Trump's choice to not recognize Equal Pay Day this year could stem from the fact that a watchdog group, Democracy Forward, filed a lawsuit Tuesday that insinuates she played a role in her father's 2017 decision to roll back an Obama-era measure forcing companies to report how much they pay employees by gender. Democracy Forward sued her father's administration for failing to respond to a public records request for "documents that would shed light on the role Ivanka Trump had in the decision."
"Ivanka promised to be a voice for working women, but instead she is complicit in the Trump Administration’s rollback of a requirement that would have helped women secure equal pay," Anne Harkavy, Democracy Forward's executive director, said in a Tuesday statement. "Actions speak louder than words."

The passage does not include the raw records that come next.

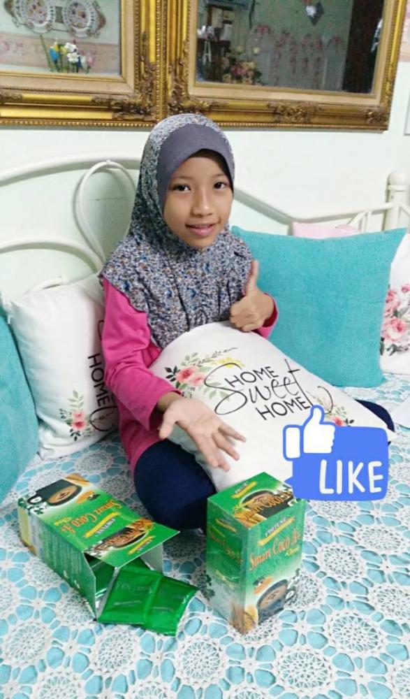 ZETI AMEERAH SK SAUJANA UTAMA SUNGAI BULOH SELANGOR ![]() | Assalamualaikum w.b.t Nama saya Zati Ameerah Syaheeda binti Sahrul, murid Sekolah Kebangsaan Saujana Utama dan In Sya Allah tahun 2018 akan menjadi pelajar Sekolah Berasrama Penuh Integrasi Gombak setelah mendapat 6 A di dalam Ujian Pencapaian Sekolah Rendah (UPSR), MUMTAZ dalam peperiksaan Penilaian Sekolah Rendah Agama (PSRA) dan tahun lepas 8A dalam Ujian Penilaian Kelas Kafa(UPKK). Alhamdulillah kerana Allah s.w.t memberikan hidayah kepada kedua orang tua saya untuk menukar minuman tenaga berasaskan coklat kepada Smart Coco A+. Kami sekeluarga telah mula mengamalkan Smart Coco A+ sejak akhir 2014 kerana semasa itu kakak saya bakal mengambil UPSR pada 2015. Beliau juga dapat keputusan yang cemerlang iaitu 5A dalam UPSR dan Mumtaz dalam PSRA. Kini, kakak saya sedang belajar di SBPI Tun Abdul Razak. Kandungan asas Smart Coco A+ amat berkhasiat untuk perkembangan minda saya kerana terkandung sebahagian dari makanan Sunnah seperti kismis, madu dan tamar. Saya telah diberikan Smart Coco A+ setiap hari sebagai sarapan sebelum bertolak ke sekolah. Kesannya, saya jarang berasa lapar atau kepenatan bahkan berasa lebih bertenaga dan berfokus. Selain daripada itu, saya dapat mengingat dan memahami pelajaran yang diajar guru dengan lebih cemerlang. Saya rasa amat bersyukur kerana produk Smart Coco A+ menjadi pemangkin kepada kecerdasan minda kami sekeluarga. Apa yang lucunya, setiap kali kakak saya ingin pulang ke asrama, telah menjadi amalan dia mesti memesan ibu atau bapa kami membekalkannya sekotak dua Smart Coco A+. Saya juga suka minum Smart Coco A+ dengan cara sebungkus dibancuh dengan air dan sebungkus lagi ditabur di atasnya seperti minum Milo Dinosur. Pengalaman keluarga kami ini saya kongsikan agar sahabat-sahabat yang sedang belajar mencuba dan mengamalkan produk ini. Alhamdulillah, Terima Kasih SmartCoco A+. |
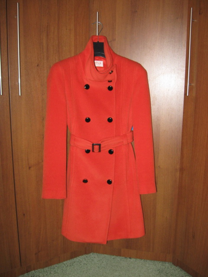 1. Пльто марка ORSA НОВОЕ. Покупала в "Леди энд Джентельмен" и не носила, т.к сильно похудела Размер 42-44. Пальто в реальности яркого оранжевого цвета, пуговки черные. Ткань потрясающая на ощупь, мягкая и очень теплая.
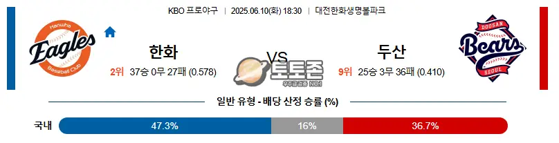 06월 10일 18:30 KBO 한화 vs 두산 | 한국야구 스포츠분석
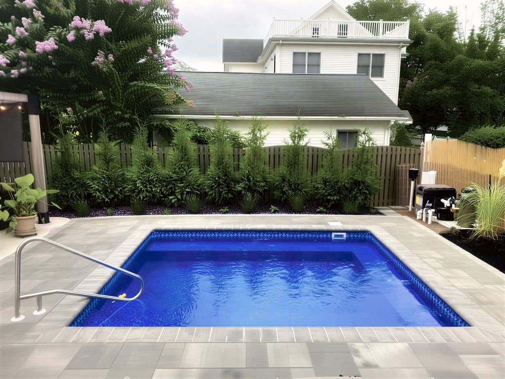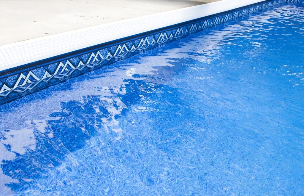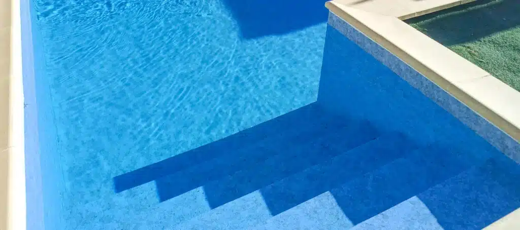 The Summer Blue pool liner features a natural, stone-inspired texture in a soft, uniform blue tone. Its mottled, organic appearance
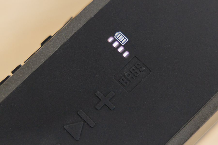 在BASS按鍵的上方還有個顯示電量的區域,在打開音箱后該區域便會顯示剩余電量的大致范圍。沒有插DC充電線時音箱滿電播放續航可連續播放約10小時,充電約3小時左右即可充滿。在打開音箱的同時,音箱的正面上方也會亮起一盞藍色指示燈。
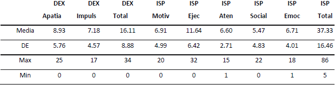 Para valorar la presencia de alteraciones ejecutivas se utilizó el Cuestionario Disejecutivo (DEX) (Wilson, Alderman, Burgess, Emslie & Evans, 1996; Querejeta et al., 2015), y el Inventario de Síntomas Prefrontales (ISP) (Ruiz Sánchez de León et al., 2012).
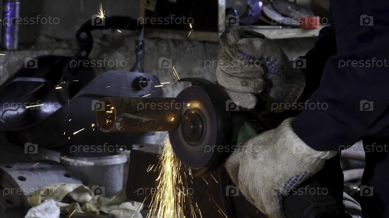 Рука мужчины отрезает кусочки водопроводной трубы с помощью угловой шлифовки.Обрезка превратилась в брызгу искр на строительной площадке.Искры при резке металлической угловой мельницы
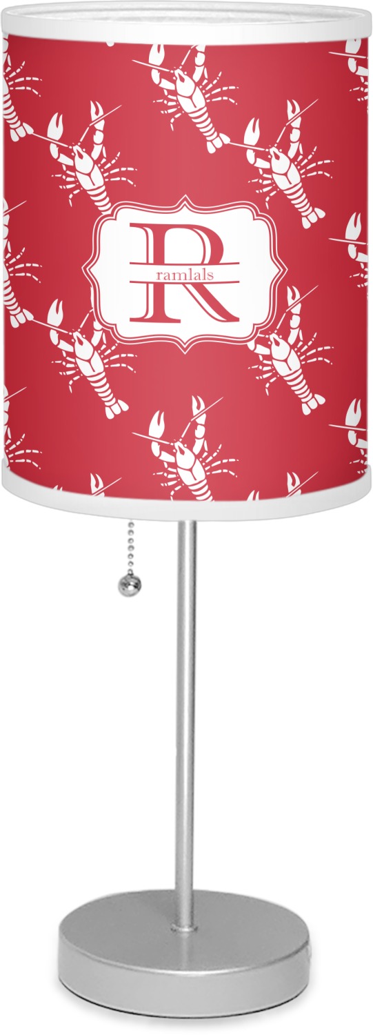 The design is done is a red background with white crawfish, while the personalization is inside a beautiful decorative rectangular frame. The personalization style is an initial along with the name.
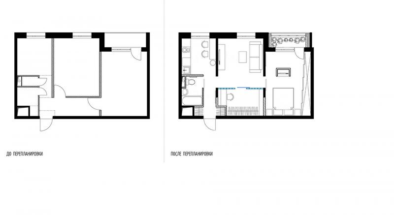 Эта квартира общей площадью 45 кв. метров принадлежит активной взрослой женщине. До ремонта пространство имело типовую планировку, после - интерьер оформили с учетом потребностей владелицы, которая работает в сфере красоты.
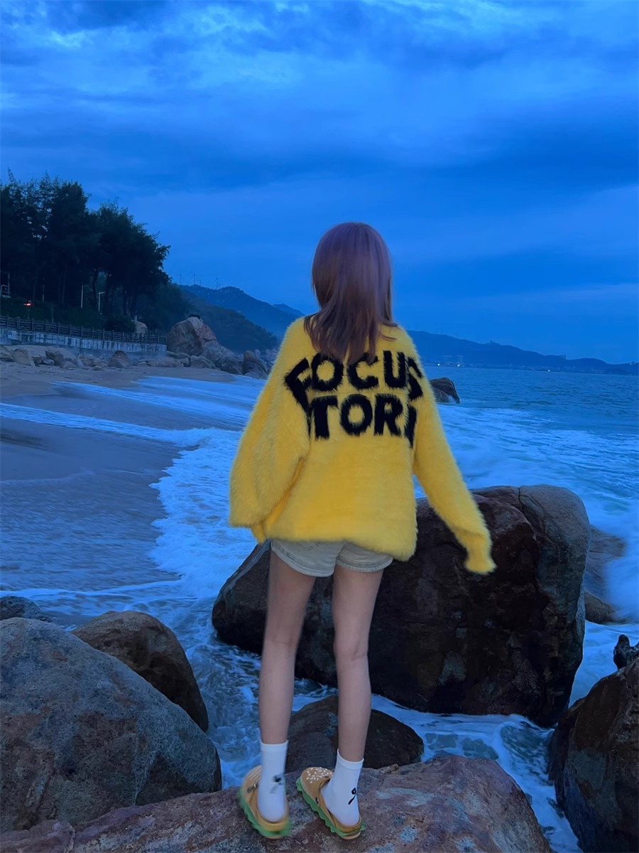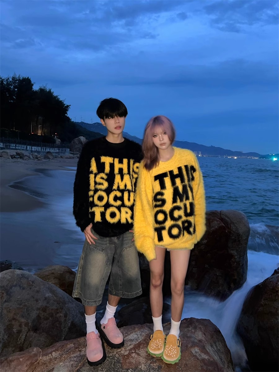 미국 스타일의 트렌디 한 편지 모조 밍크 헤어 게으른 스타일 커플 모직 스웨터 남성과 여성의 느슨한 캐주얼 가을과 겨울 스웨터 재킷스토어 가기
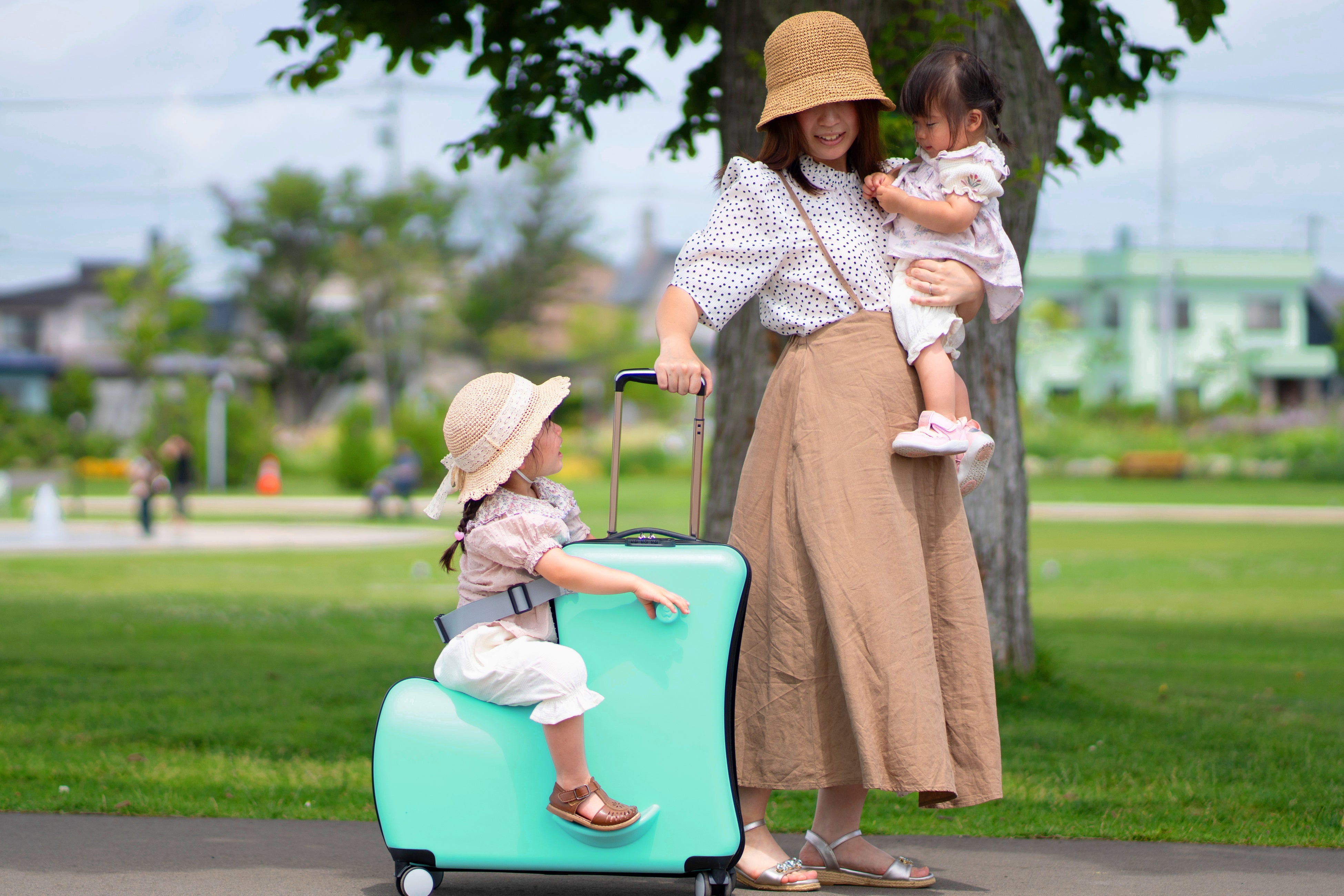 荷物と子供を一緒に連れて行けるので、旅行にはもちろん便利だが、近くの公園に行くのも便利。
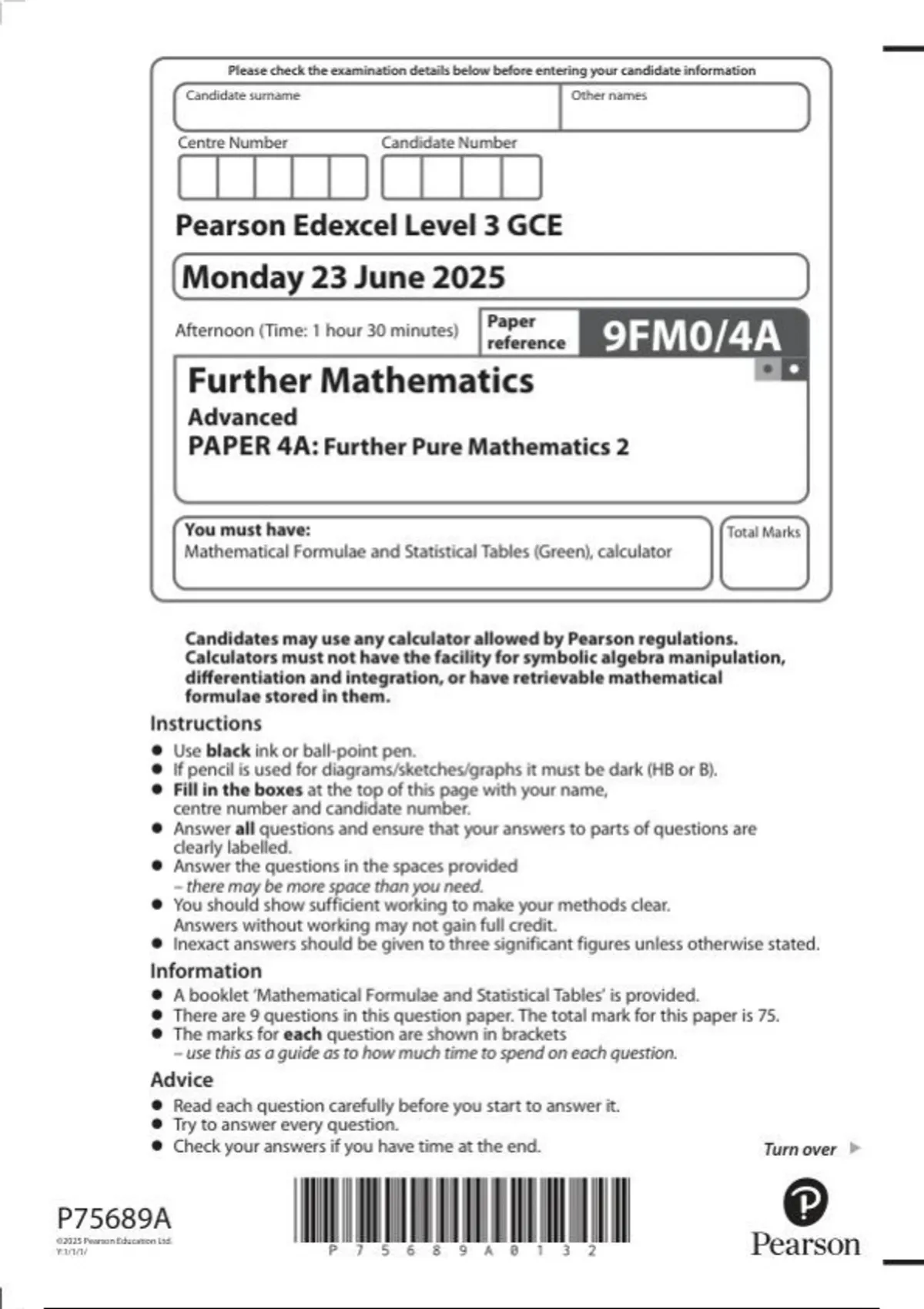 edexcel further mathematics 9fm0 4a paper 4a further pure mathematics 2 june 2025edexcel
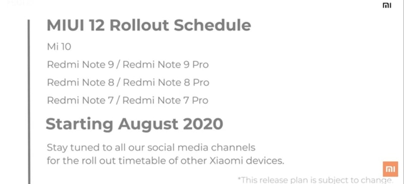 According to the provided roadmap, the Mi 10, Redmi Note 9, Note 9 Pro, Redmi Note 8, Note 8 Pro, Redmi Note 7, and Note 7 Pro should all start receiving the stable MIUI 12 this month. We’ve also shared a screenshot of the roadmap below:
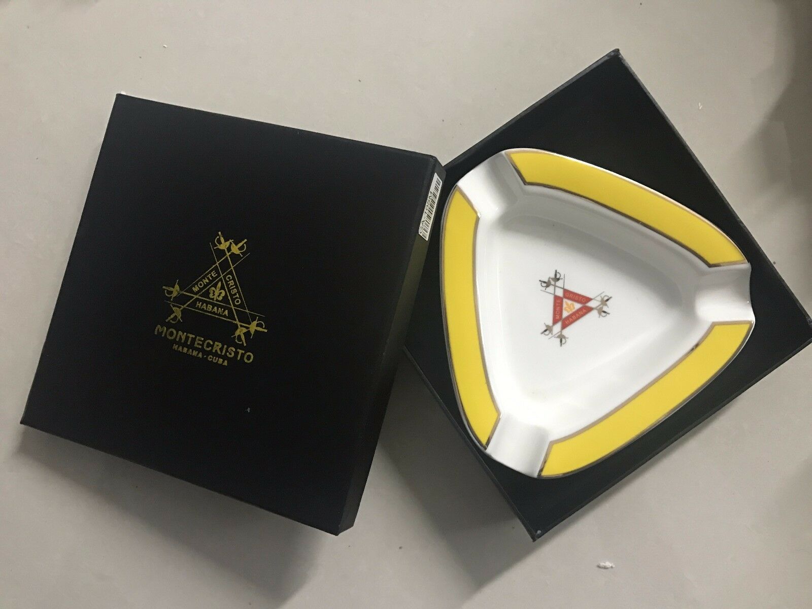 Κεραμικό σταχτοδοχείο για 3 πούρα σε τριγωνικό σχήμα, κίτρινο και λευκό χρώμα και λογότυπο της Montecristo.
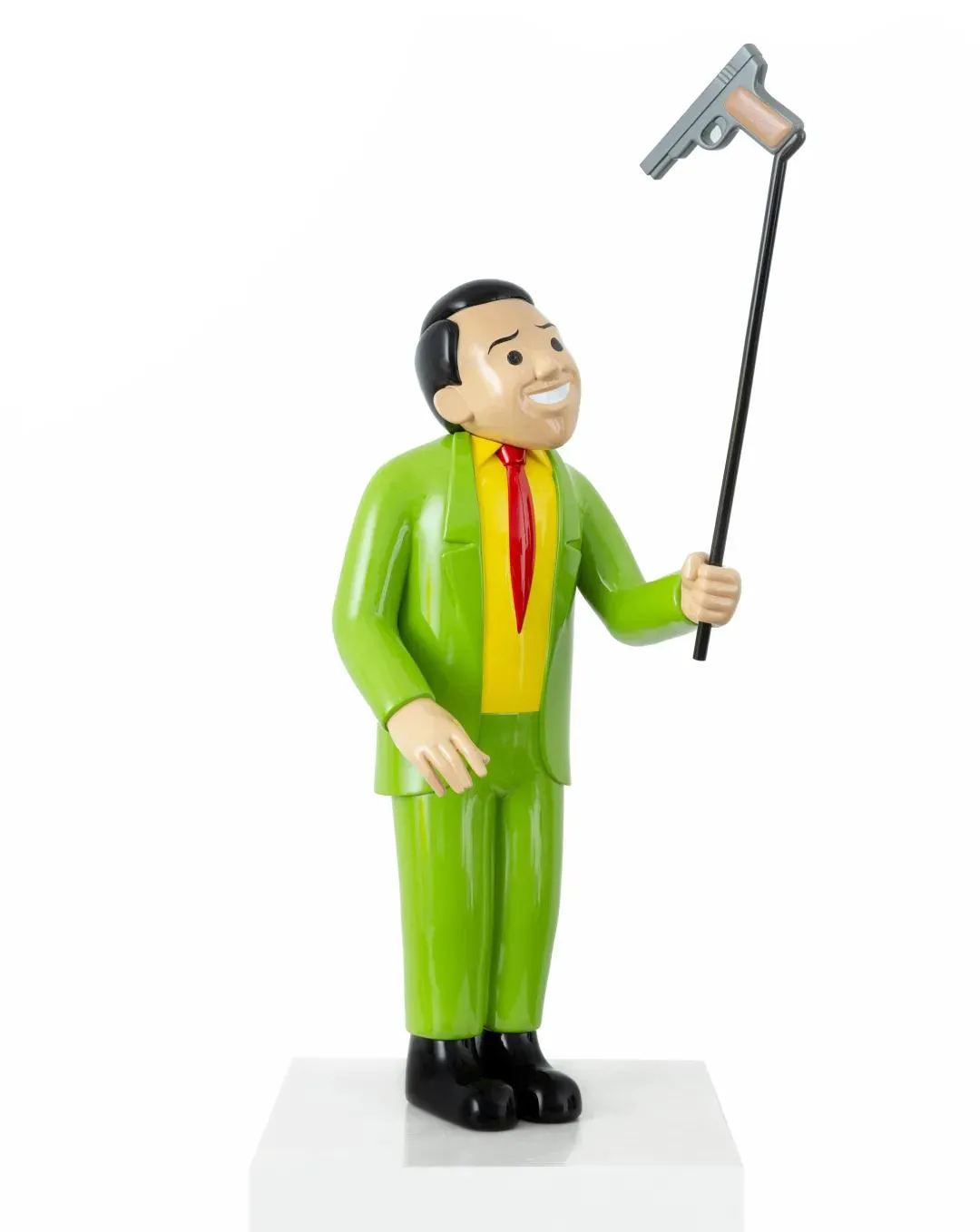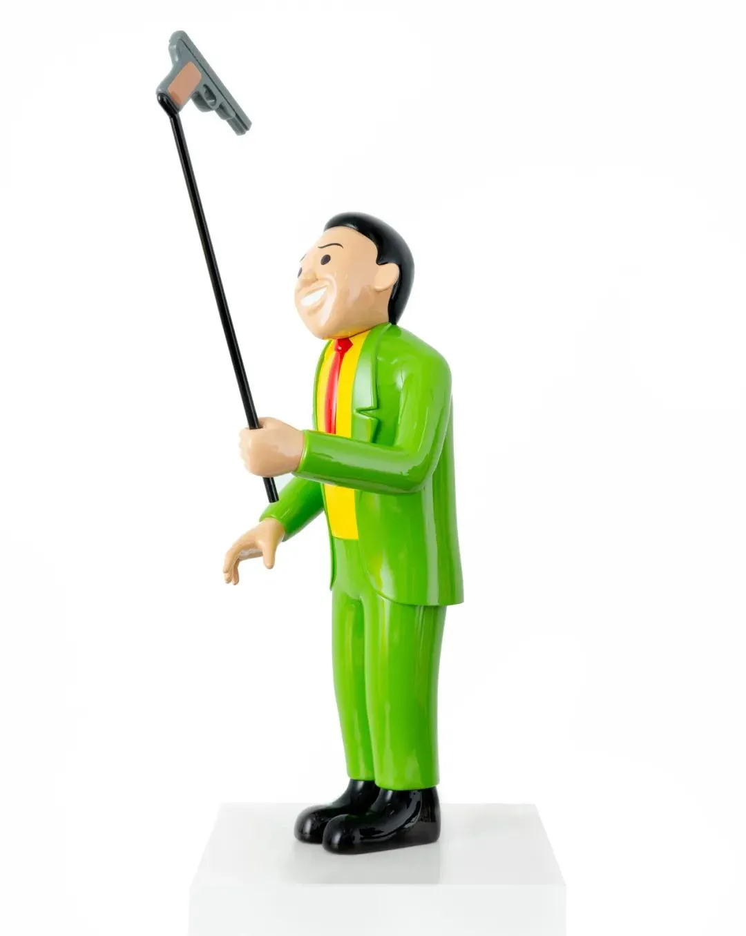 科内拉的著名雕塑《自拍枪》就是绝佳例子。在本作中,一名男子手持一支自拍棍,眼神空洞,面上挂着一个虚浮的微笑。有趣的是,这支自拍棍上不见智能手机,反而换上了一支手枪,枪口正对男子的笑靥。此作的另一版本为《闭路电视》,以一台监控摄录机取代手枪。科内拉借着这些雕塑作品对现代人沉溺自我形象的社交媒体文化提出强烈批判——不过,作品背后的真正讯息(如有),仍然含糊不明。
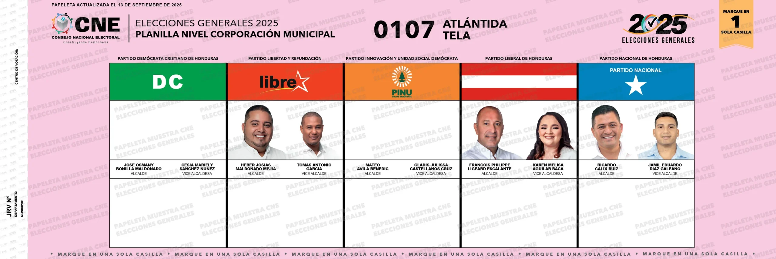 0 Carga electoral Electores habilitados para ejercer el sufragio. Porcentaje de electores que votaron en 2021 (para nivel presidencial): 58.48% La alcaldía fue ganada por el Partido Nacional (2021). Papeleta electoral Actualizado al 13 de septiembre. Datos destacados: 0107 Código del municipio.

When the White House nixed the requirement last year, Trump defended the decision. "Ultimately, while I believe the intention was good and agree that pay transparency is important, the proposed policy would not yield the intended results," she said in a statement to CNN. "We look forward to continuing to work with EEOC, OMB, Congress and all relevant stakeholders on robust policies aimed at eliminating the gender wage gap." No policy plans surrounding equal pay have come out of the White House since then.
Amid criticisms that she's changed many of her views to match her father's since he entered the White House, Trump claimed last year that she doesn't hold as much power to enact change as her critics believe. "Some people have created unrealistic expectations of what they expect from me," she told The Financial Times. "To voice dissent publicly would mean I’m not part of the team. When you’re part of a team, you’re part of a team."
While it's no surprise that the first daughter doesn't publicly rebuke the president, posting on social media in recognition of Equal Pay Day would simply show that she's acknowledging a problem, not backing any particular solution over another. But her father hasn't posted anything about Equal Pay Day, either; he instead posted a picture with military leaders that includes just one woman.
It's also possible the first daughter wants to lie low on Tuesday to avoid further criticism amid the news that Democracy Forward is looking into her involvement in rolling back the Obama-era equal pay measure.
At the same time, it appears Trump hasn't followed through on a promise to meet with Lilly Ledbetter, the woman whose Supreme Court case inspired a law that extended the statue of limitations for wage discrimination lawsuits. Ledbetter told CNN that she emailed Trump last year asking to talk about equal pay. Trump reportedly responded that said she would gladly meet Ledbetter for coffee in Washington, D.C., but Ledbetter says the meeting never happened. "I can't afford to fly up there just for a cup of coffee," she told CNN.
Trump's inaction on closing the gender wage gap was only amplified by her choice not to recognize Equal Pay Day this year. Women making less than their male coworkers look forward to the day no one has to post about pay inequalities, but that's unfortunately not the reality in 2018.